Um estudo desenvolvido na Universidade Federal de Minas Gerais (UFMG) identificou que muitos cuidadores familiares estão adoecendo em um cenário de elevada ocorrência de condições crônicas não transmissíveis. A conclusão foi do enfermeiro Marcus Luciano de Oliveira Tavares, que avaliou um grupo populacional de cuidadores familiares e seus dependentes, vinculado a dois serviços de Atenção Primária à Saúde de Belo Horizonte, para sua tese de doutorado no Programa de Pós-graduação em Enfermagem da UFMG.
De acordo com o pesquisador, as mudanças nos perfis demográficos, nutricionais e epidemiológicos da população brasileira têm aumentado a ocorrência de doenças e agravos não transmissíveis que, quando não provocam a morte de seus portadores, geram sequelas e lesões incapacitantes, tornando-os dependentes de cuidados que, em geral, ficam sob responsabilidade de um membro da família.

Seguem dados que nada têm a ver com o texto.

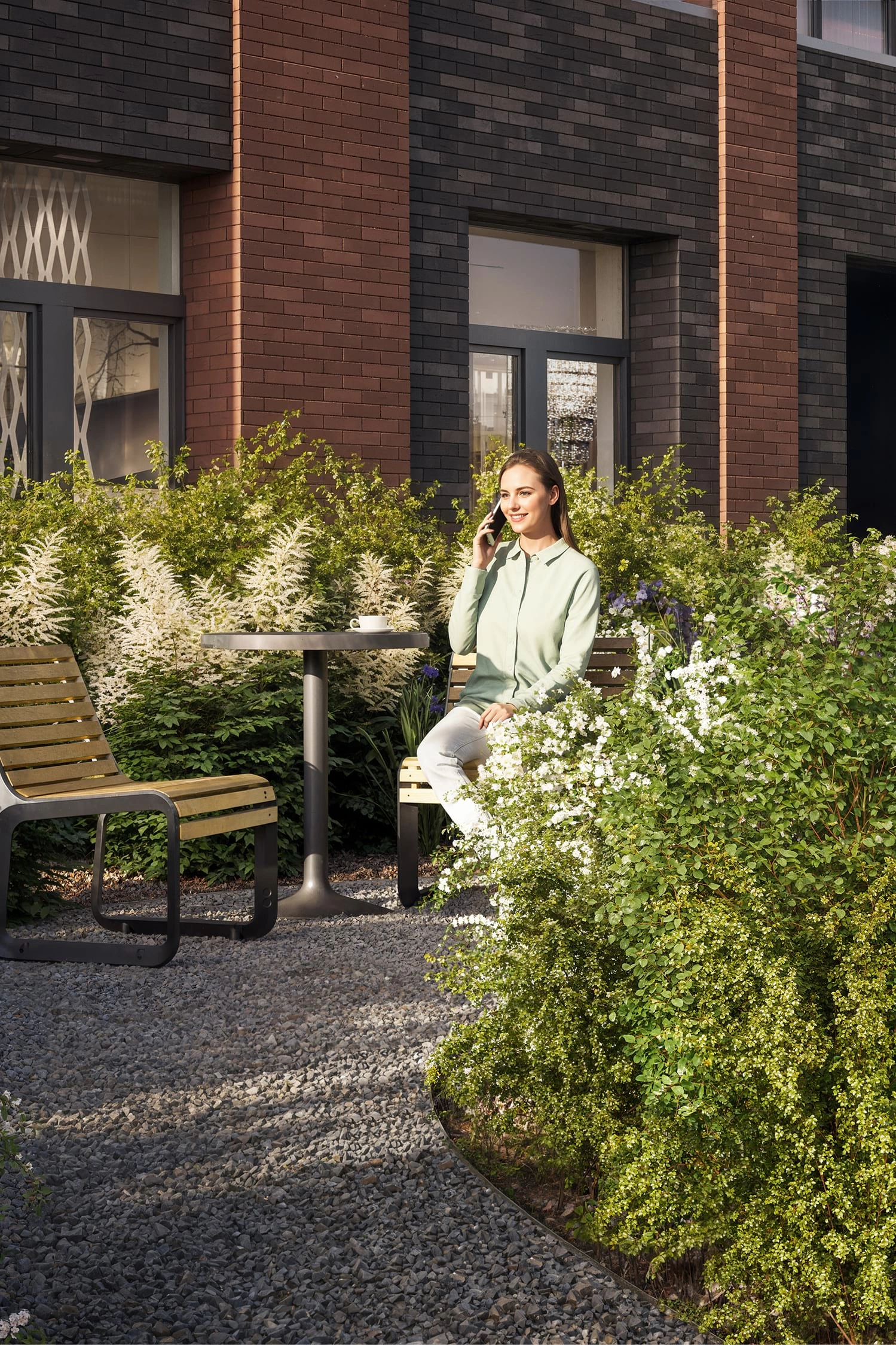 Bei der Arbeit an dem Projekt haben wir versucht, eine Umgebung zu schaffen, die im Laufe der Zeit nicht an Relevanz verliert. Dies bedeutet nicht, helle Akzente aufzugeben, sondern vielmehr ein Gleichgewicht zwischen Zurückhaltung und Ausdruckskraft zu suchen. Zum Beispiel haben wir “auffällige” Blumen vermieden, aber nicht zu Lasten der Vielfalt: Exotische Pflanzen werden mit natürlichen Materialien kombiniert, wie zum Beispiel Terrassenbretter, die in Landschaftsbereichen verwendet werden. Diese “grünen Inseln” teilen nicht nur Funktionsbereiche (Sport, Kinder), sondern bilden auch eine harmonische Landschaft.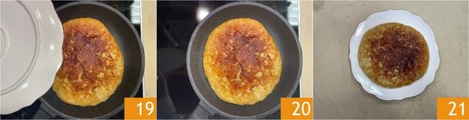 Remove the skillet from the heat and let it rest for a moment, then turn the frico over using a plate 19 or a lid. Return it to the heat and cook the other side for about 10 minutes, until the color is evenly golden 20. Finally, let it cool slightly before transferring to a serving plate 21. Wait a couple of minutes and serve the frico with potatoes and onions while still hot!

O estudo constatou que o cuidado a uma pessoa dependente crônica é uma atividade duradoura, devido ao caráter comumente irreversível da condição. No período analisado pelo autor, houve piora ou estabilidade do nível de dependência. Nenhum indivíduo registrou melhora. “O papel de cuidador familiar é contínuo e sofre influência de diversos outros fatores. Esse caráter foi avaliado em nosso estudo em razão do tempo que o cuidador familiar exerce essa função. Tal fator se configura como risco para diminuição da sua qualidade de vida, especialmente nos domínios físico e de meio ambiente. Para justificar esse resultado em relação à dimensão física, podemos nos basear na deterioração do seu estado de saúde e na perda da capacidade intrínseca causadas pelo envelhecimento”, afirma Tavares.
Iniciativas de apoio
O estudo, que envolveu múltiplas abordagens (qualitativa, quantitativa e revisão de literatura), identificou oito fatores associados à qualidade de vida do cuidador. Metade deles está relacionado a garantias de proteção: praticar alguma religião, revezar o cuidado com outras pessoas, praticar atividade física e ter sono reparador. Os outros quatro são de risco: internação recente da pessoa dependente, ampliação do nível de dependência, idade e tempo na função de cuidador. “A maioria desses fatores são passíveis de intervenção, entretanto, esse estudo não identificou iniciativas governamentais de apoio a essas pessoas no Brasil. É necessário que seja criada uma frente intersetorial com formuladores de políticas, gestores, profissionais de saúde e famílias. Com o passar dos anos, a demanda por cuidadores familiares tende a aumentar. Por isso, é urgente a inclusão dessa temática nas agendas das nações”, defende o autor do trabalho.
“São doentes cuidando de outros doentes. Em alguns anos, estima-se que teremos muitas pessoas precisando de cuidados e poucas pessoas disponíveis para cuidar. Esse fenômeno tem relação com a inserção da mulher no mercado de trabalho e com a ocorrência de sequelas e lesões incapacitantes em pessoas mais jovens, entre diversos outros fatores”, explica Marcus.
O pesquisador enfatizou, ainda, que o cuidado à unidade familiar deve ser entendido como premissa pelos profissionais que atuam nos serviços de atenção primária à saúde, que é operacionalizada, na maior parte do território brasileiro, pelas equipes da Estratégia Saúde da Família. “Para cuidar da saúde da família, é preciso reconhecê-la como sistema vivo e dinâmico, cuja funcionalidade depende do papel que cada membro exerce. Afinal, a família é maior do que a soma de seus integrantes. Cuidadores familiares desempenham importante papel social e contribuem para a sustentabilidade do sistema público de saúde brasileiro”, avalia Marcus Tavares.